When making purchases online, the authors posit, the main issues consumers consider are risk (the potential economic loss they could sustain if the sites aren’t protected effectively) and trust (how much confidence in and interaction with sellers they have).

To explore how well companies are doing on both fronts, risk and trust, the researchers collected data from eBay and Amazon, which together account for more than 90 percent of the online auction market. The two companies use many of the same safeguards and features. In addition to third-party escrow services and certain rules for buyers and sellers, these safeguards include credit card guarantees that protect customers from fraudulent or problematic transactions and feedback mechanisms that seek to provide accurate ratings and histories of users. The two companies also are about the same size, have significant overlap in their products, and have similar customer demographics.

The biggest players were chosen because the authors wanted to focus on marketplaces with solid institutional structures in place so that a sufficient number of buyers could be tracked over the course of a year.

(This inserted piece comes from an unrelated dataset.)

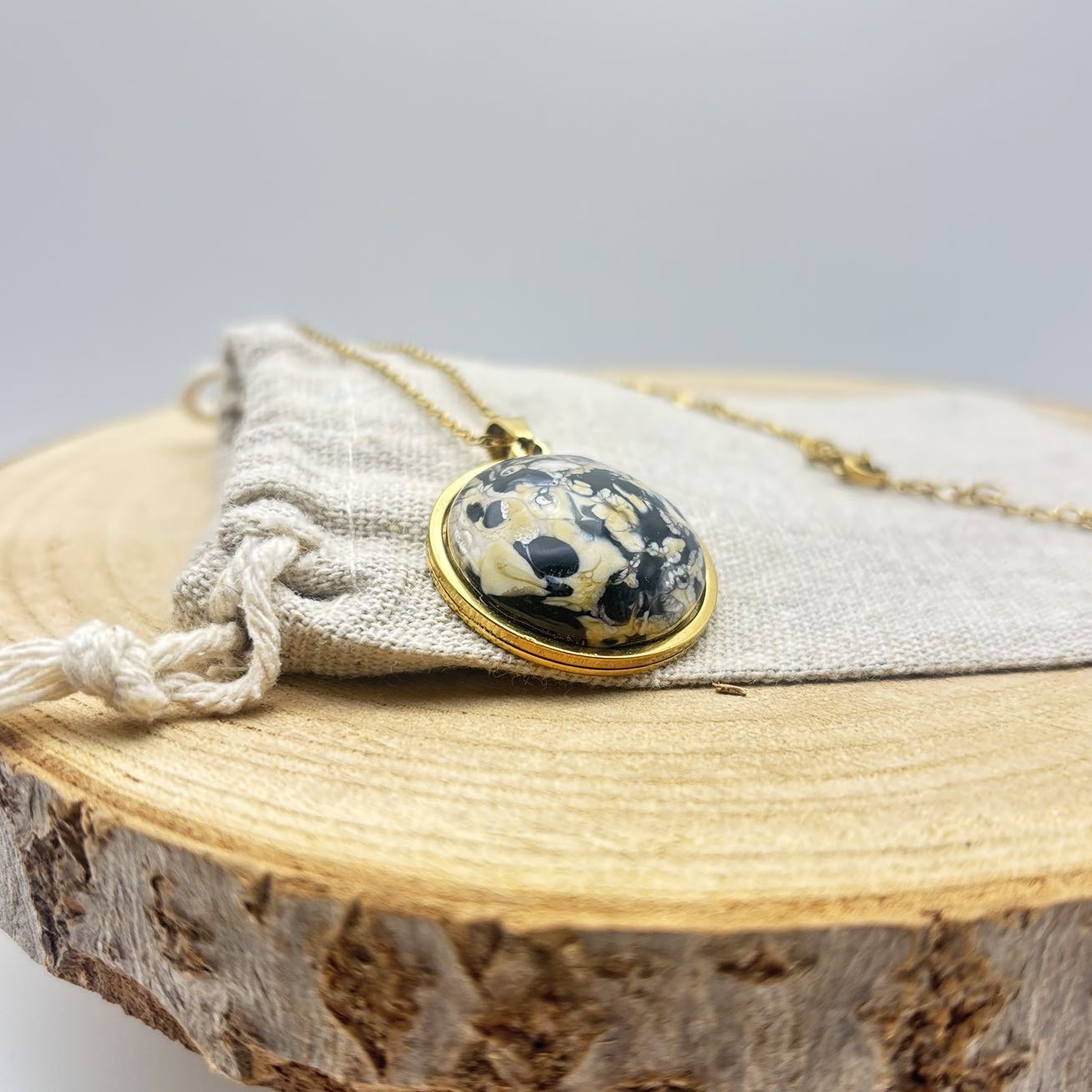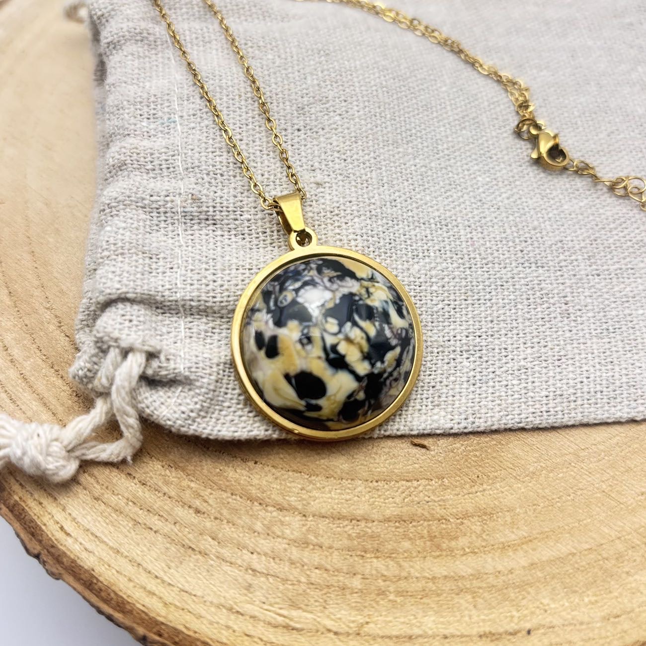 Le collier “cabochon” est composé d’une perle de verre filé au chalumeau, montée sur un plateau et une chaîne de 45 cm en acier inoxydable. Cette combinaison de matériaux assure une qualité et une durabilité.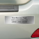 Un adhésif pour pare-chocs personnalisable avec un effet en aluminium balayé en métal pour annoncer vos affaires.

Other online marketplaces are either small or specialized, raising concerns about the broader applicability of their data, according to the authors. As for online marketplaces with weak institutional structures, these sites “are unlikely to foster a high volume of transaction activity, thus making it difficult to identify active buyers who are likely to continue transacting in the future,” the target group of the study.

The authors randomly identified 2,400 eBay and Amazon buyers, who were then asked to fill out a detailed survey about whichever retailer they used. The companies provided information on the customers’ transactions during the year following the survey. A total of 396 participants (122 from eBay and 274 from Amazon) completed surveys.

In a series of regression analyses, the authors found evidence to counteract the widespread notion that “higher is better” when it comes to online safeguards. When graphed, the relationship between buyers’ beliefs about the safety of their transactions and their decisions to complete transactions appeared as a U-shape; the volume of completed transactions eventually tapered off as buyers saw insignificant safety improvements from very high levels of protection.

“This counter-intuitive finding could be because some buyers may view extremely effective institutional structures as too restrictive (too much of a good thing),” the authors write, noting that the peak level of transactions takes place at lower levels of perceived protections. “Overly stringent institutional structures may discourage buyers from transacting in the marketplace perhaps because these buyers believe that extremely effective institutional structures prevent good deals.”

Economic risk is a major concern only for buyers using online marketplaces with moderate amounts of protection, the authors found. On sites they perceive as unsafe, buyers just aren’t willing to transact, whereas in marketplaces they regard as very safe, the likelihood of risk is so minimal that economic danger simply isn’t a consideration.

However, the effect of trust on transactions “extends throughout the spectrum” of risky, moderate, and extremely safe auction sites, the authors write. This means that when typical consumers buy things online, as long as they perceive a certain amount of security — credit card guarantees, for example — what they really care about is whether they can trust the seller.

“Institutional structures in today’s online marketplaces focus on tangible assurances aimed at reducing the buyers’ economic vulnerability and not on the intangible aspects of the transaction that aim at reducing their social vulnerability,” the authors note. To correct that imbalance, they say, the sites need to provide buyers and sellers with more opportunities to interact and foster relationships that could eventually lead to discounts or social network–based transactions.

Bottom Line:
Managers of online auction marketplaces may have over-invested in features that seek to safeguard customers’ transactions. These sites could be leaving money on the table by turning away consumers who find the process too restrictive for them to pursue their deals.